-- TASK INPUT follows --

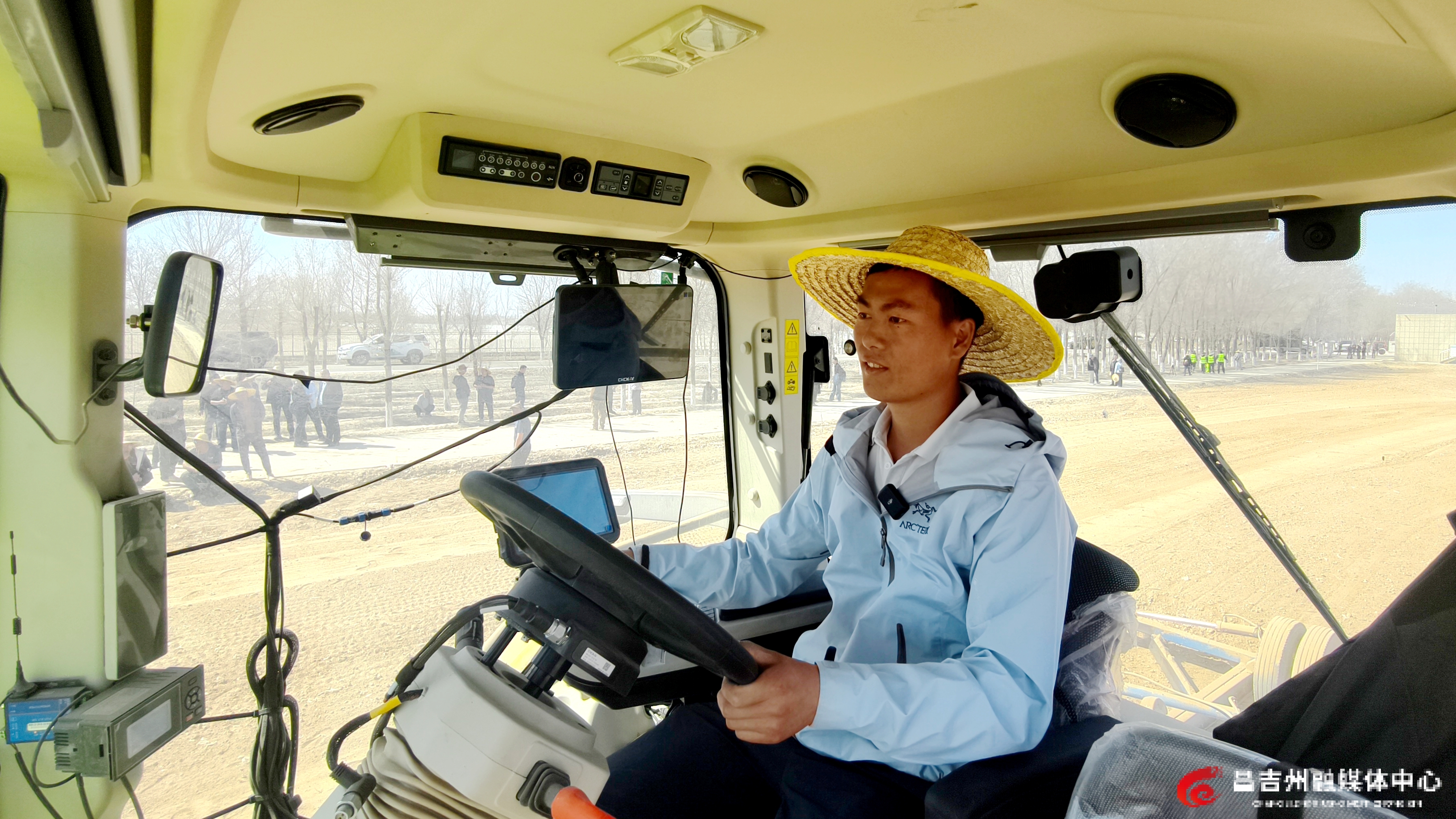 新疆盛泽昌农业专业合作社负责人刘远鑫驾驶新能源拖拉机演示作业。记者王薇 摄
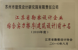 2009-2012年江苏省勘察设计企业综合实力(建筑设计)前十名
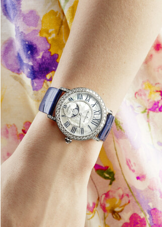レディバード カラーズの新モデルに特徴的なビジュアルのバランスは、すべてのダイヤル要素に見られ、アシンメトリーなタッチでさりげなく施されています。オフセットのローマ数字は、丁寧にあしらわれたジェムセッティングのインナーリングによって強調され、スモールセコンドやムーンフェイズ表示まで続いています。カラフルなタイムピースそれぞれの特性を主張する、もうひとつの方法です。
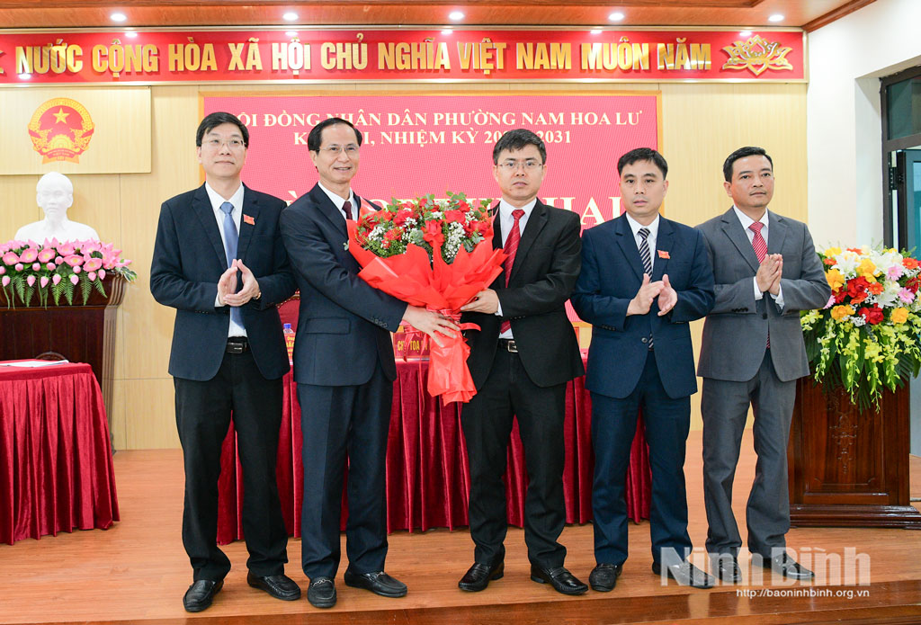 Lãnh đạo HĐND phường tặng hoa chúc mừng đồng chí Vũ Bá Hoàng được bầu giữ chức danh Phó Chủ tịch UBND phường.
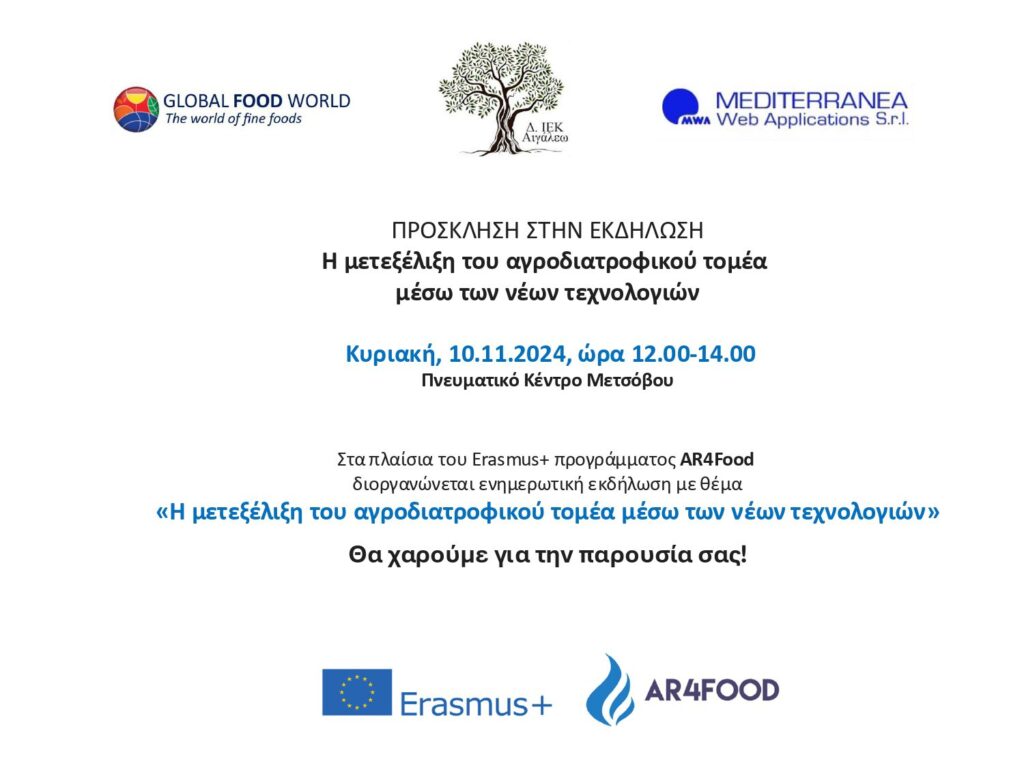 Στα πλαίσια του Erasmus+ προγράμματος AR4Food διοργανώνεται η ενημερωτική εκδήλωση με θέμα: «Η μετεξέλιξη του αγροδιατροφικού τομέα μέσω των νέων τεχνολογιών»
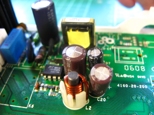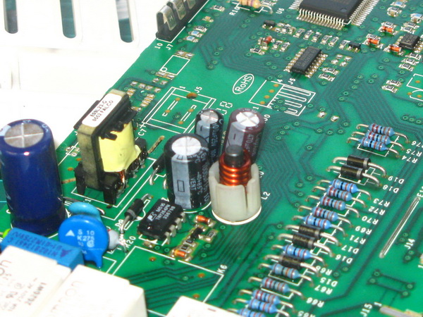 The wife said the machine has been getting worse over the past few months so I immediately had my suspicions...........Ahhh!, look at that electrolytic (C17 = 680uF, 10v) on the power supply section of the board, the top is bulging, she's dried out.

-- TASK INPUT concluded --

■ TASK OBJECTIVE: Skip all pictures. Copy exactly the lines from the one containing "Στα πλαίσια του" through the end of the records, both ends included.

■ SOLUTION TO THIS EXERCISE:
 Στα πλαίσια του Erasmus+ προγράμματος AR4Food διοργανώνεται η ενημερωτική εκδήλωση με θέμα: «Η μετεξέλιξη του αγροδιατροφικού τομέα μέσω των νέων τεχνολογιών»
 The wife said the machine has been getting worse over the past few months so I immediately had my suspicions...........Ahhh!, look at that electrolytic (C17 = 680uF, 10v) on the power supply section of the board, the top is bulging, she's dried out.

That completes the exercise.